Published Monday, 26 August 2013
Martin Luther King delivers his iconic 'I have a dream' speech in August 1963. (© Getty)
Mr Hume, known for his civil rights work, has previously been awarded the Gandhi Peace Prize and the Martin Luther King Award - the only person to have received all three major peace awards.
The former SDLP leader will join other figures like the Dalai Lama and Doreen Lawrence - whose son Stephen was murdered in a racist attack - in taking part in the broadcast.
Nelson Mandela's granddaughter Ndileka and Malala Yousafzai, the 16-year-old Pakistani girl shot by the Taliban for going to school, will also be featured.
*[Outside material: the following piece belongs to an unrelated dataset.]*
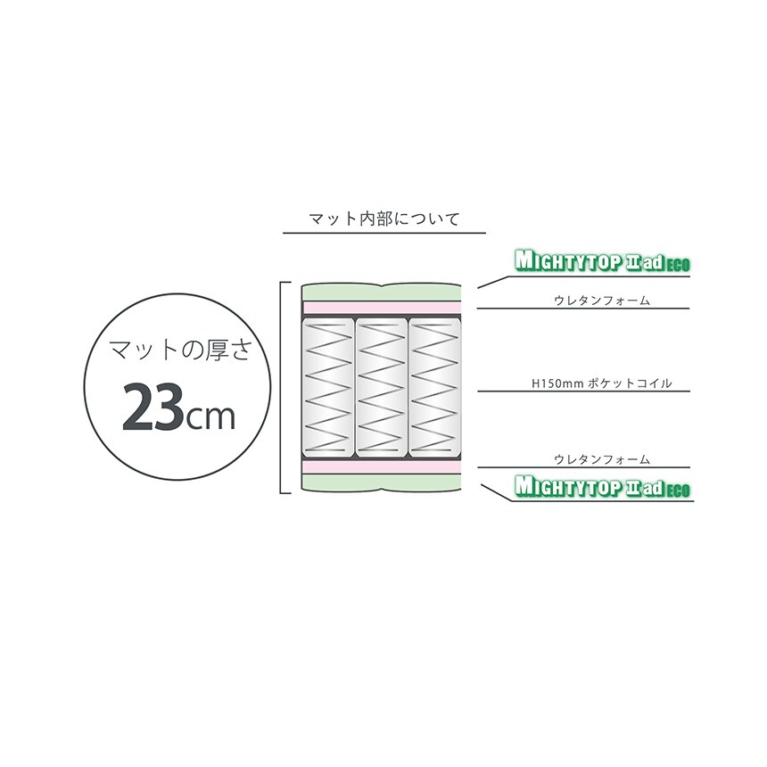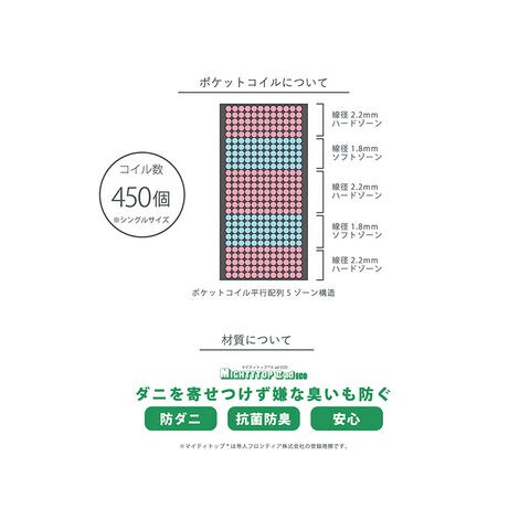 上層部には防ダニ、防臭、抗菌に優れた効果のある帝人のマイティトップを使用。

I have a dream that my four little children will one day live in a nation where they will not be judged by the colour of their skin, but by the content of their character.
Martin Luther King
Recordings of Martin Luther King's original speech will be mixed with excerpts spoken by the guests for a broadcast on BBC Radio 4 and the World Service.
"I am happy to join with you today in what will go down in history as the greatest demonstration for freedom in the history of our nation," Doctor King said back on 28 August 1963.
He was speaking during a civil rights rally in Washington DC.
"Now is the time to make real the promises of democracy," he said.
"Now is the time to rise from the dark and desolate valley of segregation to the sunlit path of racial justice. Now is the time to lift our nation from the quick sands of racial injustice to the solid rock of brotherhood.
"Now is the time to make justice a reality for all of God's children."
When we allow freedom to ring ... we will be able to speed up that day when all of God's children - black men and white men, Jews and Gentiles, Protestants and Catholics - will be able to join hands and sing: 'Free at last! Free at last! Thank God Almighty, we are free at last!'
Martin Luther King
Radio 4 controller Gwyneth Williams said: "Martin Luther King's words constitute one of the most passionate political statements of the 20th century - a source of inspiration in the quest for freedom in so many different countries around the world.
"I am delighted that Radio 4 is able to bring the whole speech to a global audience for the first time since 1963.
"I'm also thrilled that we have managed to gather such a distinguished host of contributors to mark the 50th anniversary."
The broadcast will air at 9am on Wednesday and then at 2.30pm on the World Service.